By law, contracts for the sale of immovable property – also known as offers to purchase (OTPs) – must be in writing and signed by all relevant parties. However, Schedule 2 of the Electronic Communications and Transactions Act (ECTA) excludes electronic signatures when it comes to contracts for the alienation of land. In other words, these contracts may not be signed electronically.  

The ECTA also identifies two types of electronic signatures (normal and advanced) and defines exactly what an electronic signature is. It’s worth noting that the ECTA came into effect in 2002 and it may be time for the legislature to revisit its restrictions.

What does recent case law say?

In a 2020 decision handed down by the High Court, Eastern Cape Division, the Court considered the issue of an electronically signed OTP.

In this case, the parties concluded an OTP with electronic signatures (the first offer). The seller then received a subsequent offer at a higher price (the second offer). The conveyancing attorney informed the first buyer that, based on the 72-hour clause in the first offer (which demanded that the buyer make the contract unconditional within the 72-hour period), the seller would proceed with the second more favourable offer. The first buyer then approached the court for an order enforcing the first offer, as their offer was already unconditional in that all suspensive conditions were met. The conveyancer also neglected to formally invoke the clause.

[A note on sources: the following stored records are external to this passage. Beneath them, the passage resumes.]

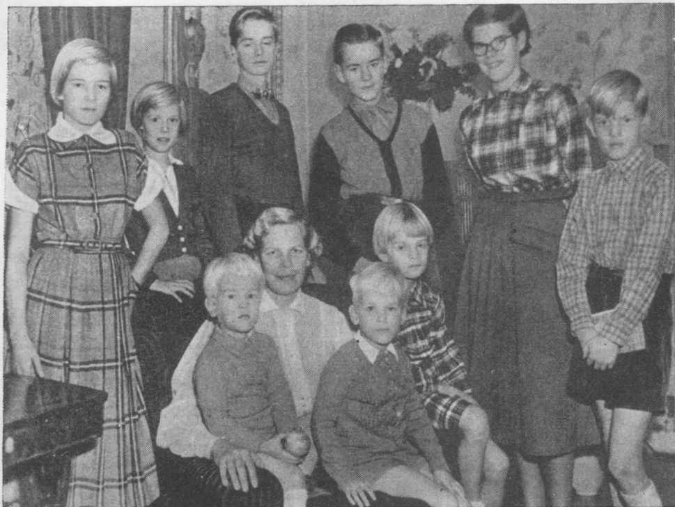
Danų Prekybos Ministeris ponia Lis Groes su devyniais vaikais.

torius. Ir Kristus pasakė, kad šios žemės mažiausieji bus didžiausi danguje. Tie nuostabūs kūdikiai, kuriuose pasireiškia tartum antgamtiški gabumai, gal ir yra šių Kristaus žodžių mažutė iliustracija. Taip, kartais jau ir šiame pasaulyje mažame, kukliame kūdikiyje pasirodo toki sugebėjimai, kuriuos paprastai žmonės pasiekia tik po ilgų studijų ir kruopštaus darbo.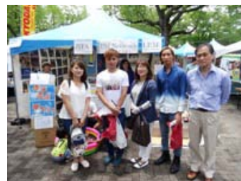
技能実習生の皆さんが会社の方と参加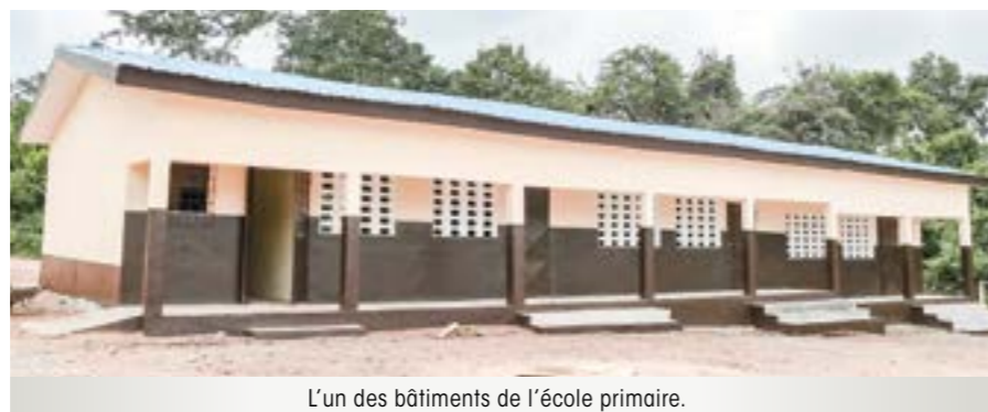
L'un des bâtiments de l'école primaire.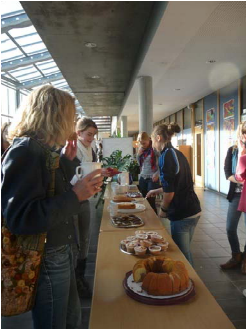
Schülerinnen und Schüler der Klasse 9a versorgten die Zehntklässler und die Experten in der Pause mit Kaffee und selbstgebacktem Kuchen.

Von Seiten der Experten wurden das Interesse und Engagement der Schüler was Berufsorientierung und Zukunftsplanung anbelangen wie auch die offene Atmosphäre geschätzt. Ebenso wurden die Freundlichkeit und Aufgewecktheit der Schüler hervorgehoben. Gelobt wurde zudem die Organisation und der zeitliche Ablauf. Insbesondere in den kleinen Gruppen von 5 bis 15 Schülern, besteht nach Meinung der Fachleute für die Schüler die Möglichkeit offen über Erwartungen und Probleme zu reden, sowie Fragen zu äußern. Als Pluspunkt wurde zudem erwähnt, dass die Schüler sich selbstständig, ihren Neigungen entsprechend, Experten aussuchen konnten. Aufgrund der positiven Erfahrung mit den PKG'ern boten die Fachleute Plätze fürs BOGY-Praktikum im nächsten Jahr an. So haben sowohl die Schüler als auch die Unternehmen von der Veranstaltung profitiert. Die Kooperation zwischen Schule und außerschulischen Partnern im Bereich Bildung hat sich also auf jeden Fall gelohnt.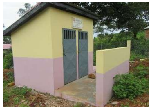
Latrines dans l'école de Doghol Timbobhe dans la commune de Lafou en Guinée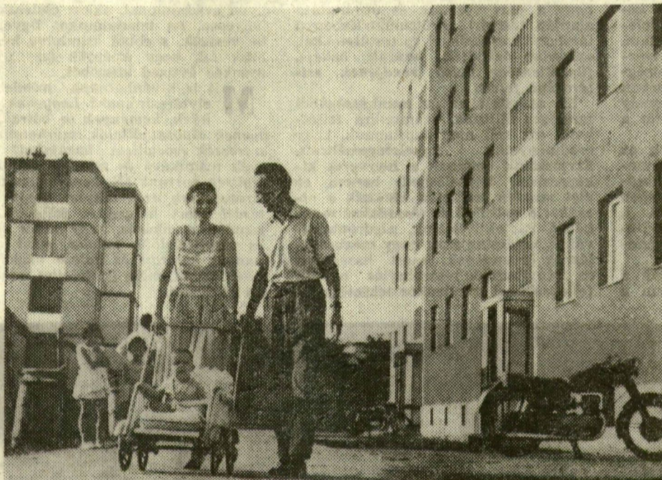
Családi séta az új lakótelepen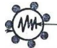
Document 2 :

1°/ Légendez et titrez ces deux schémas. (04 pts)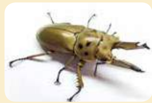
首度亮相，黃金鬼鍬形蟲 Allotopus rosenbergi 。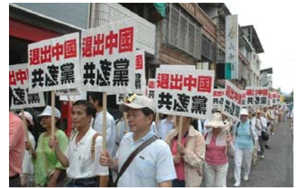
截至2010年2月8日已有6821万中国民众退出中共党、

表姐夫四十多岁，是县某机关一个局长，这次持续高烧七、八天了，怎么打针吃药输液就是不管用，持续四十多度高烧不退，表姐一家都急坏了。我听说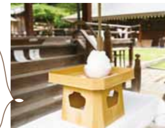
献氷り 純水のかき水をお供えて参拝してきました。300円以上を賽銭箱にご奉賽すると氷が頂けます。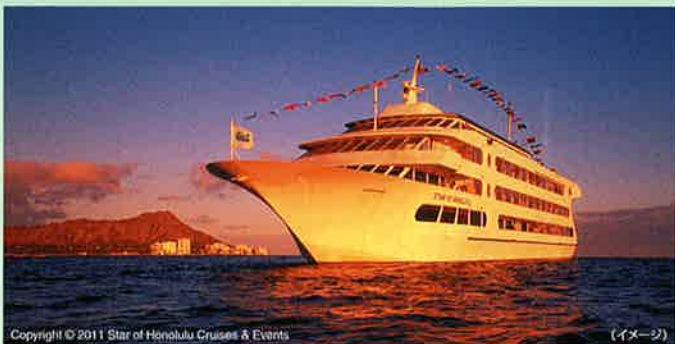
Copyright © 2011 Star of Honolulu Cruises & Events (イメージ)

夕日に染まるダイヤモンドヘッドやワイキキを眺めながらステーキとロブスターの夕食を楽しんだ後は、エンターテインメントとショーに乗客全員で参加します。にぎやかで楽しい「3スター」をご堪能ください。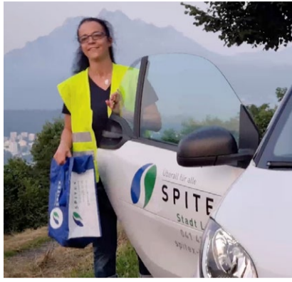
Die Spitex ist angewiesen auf motiviertes und ausgebildetes Personal.

Der Fachkräftemangel in der Pflege ist nicht erst seit der Corona-Pandemie ein Thema. Spitex-Organisationen stellen dies vor eine doppelte Herausforderung: Auf der einen Seite wird die Gesellschaft immer älter und immer mehr Menschen wollen auch bei gesundheitlichen Einschränkungen zu Hause gepflegt und betreut werden – hierfür braucht es künftig deutlich mehr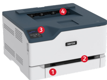
Xerox® C230 Farbdrucker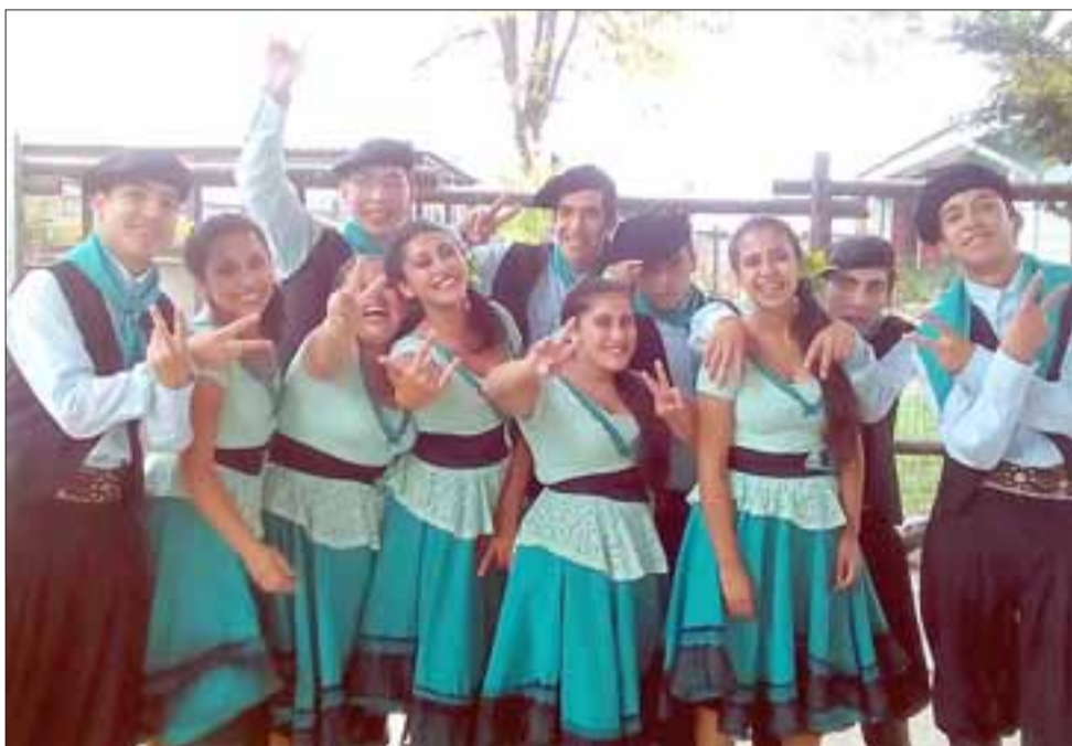
CAMPEONES NACIONALES.- Ellos son los actuales campeones nacionales en Folklore, del campeonato general que SNA desarrolla cada año en Duao.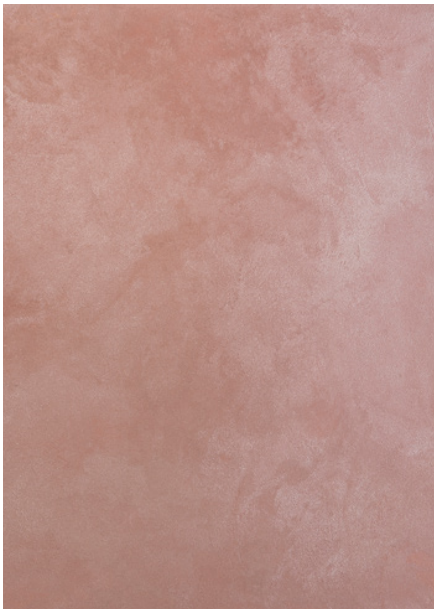
AV 10 Silver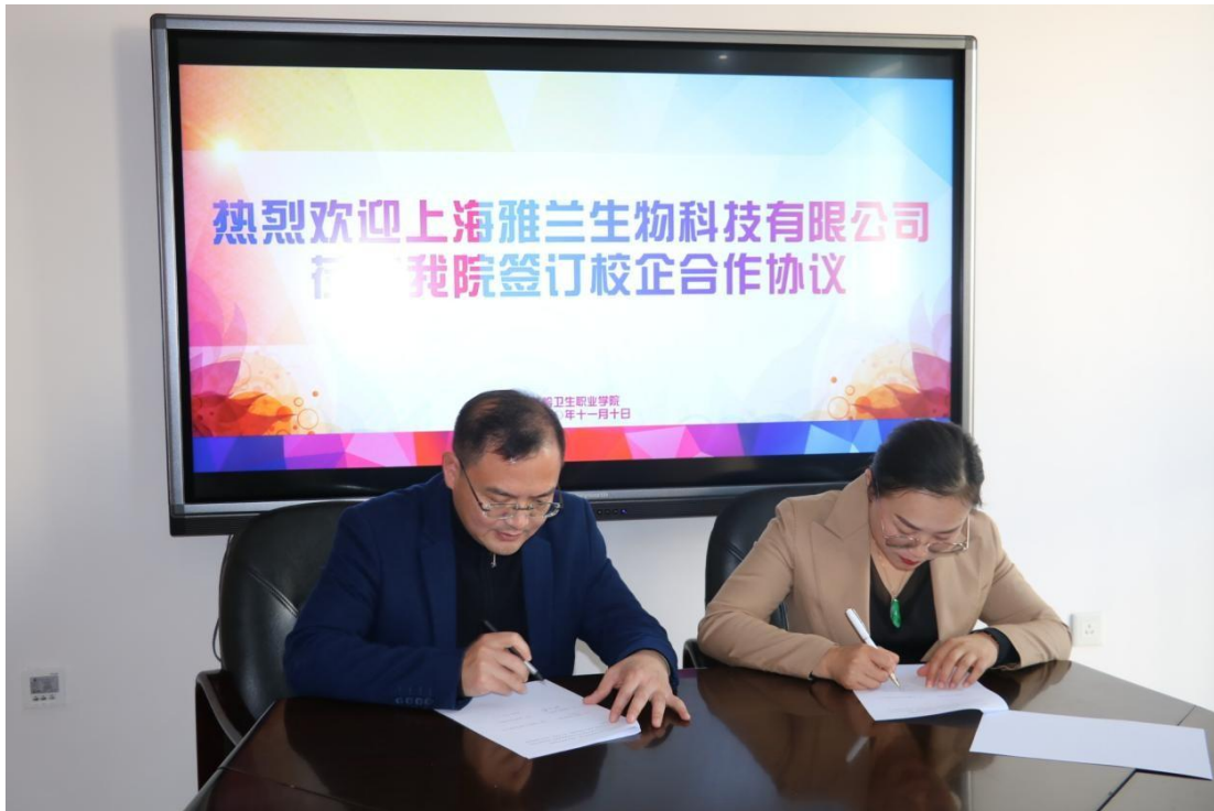
图 4. 公司领导与铁岭卫生职业学院领导签订校企合作协议书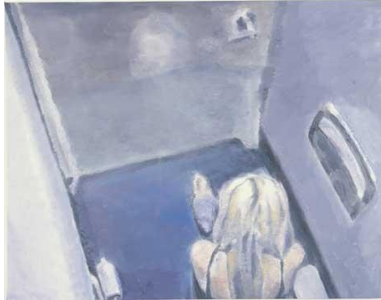
6. Luc Tuymans, Agujero Negro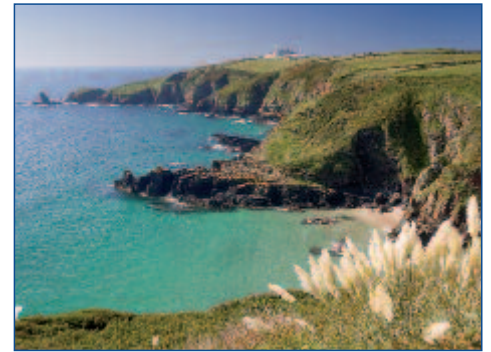
Die traumhafte Küste Cornwalls

05.05. BIS 12.05.2012 • FLUG AB/AN HANNOVER • AB € 1.299,- P.P. IM DZ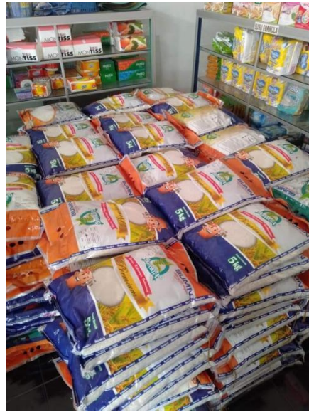
Gambar 10. Bahan Pangan (Beras)

The court found that the conveyancing attorney did not act strictly in accordance with the 72-hour clause in the agreement. The conveyancer interpreted the clause to favour the seller but had no valid reason to do so – this clause did not make provision for the entertaining of an offer with a higher price.

The seller and second buyer then attacked the validity of the first offer based on the electronic signatures. The court found that:

  • It was the intention of the parties to the first offer to enter into a valid and binding agreement.
  • The intention or substance of an agreement should take precedence over form.
  • The signatures were, in fact, those of the parties scanned into an electronic application.

The court also referred to the making of a mark as a signature, which is acceptable in common law.

The outcome

The court found in favour of the first buyer and made a cost order against the seller and the conveyancer, with payment by one absolving the other. As a result, electronic signatures will now be regarded as valid in the Eastern Cape, and it’s only a matter of time before this issue will be adjudicated in other provinces – and possibly even the Supreme Court of Appeals. Let’s hope that sanity and logic prevail when this happens.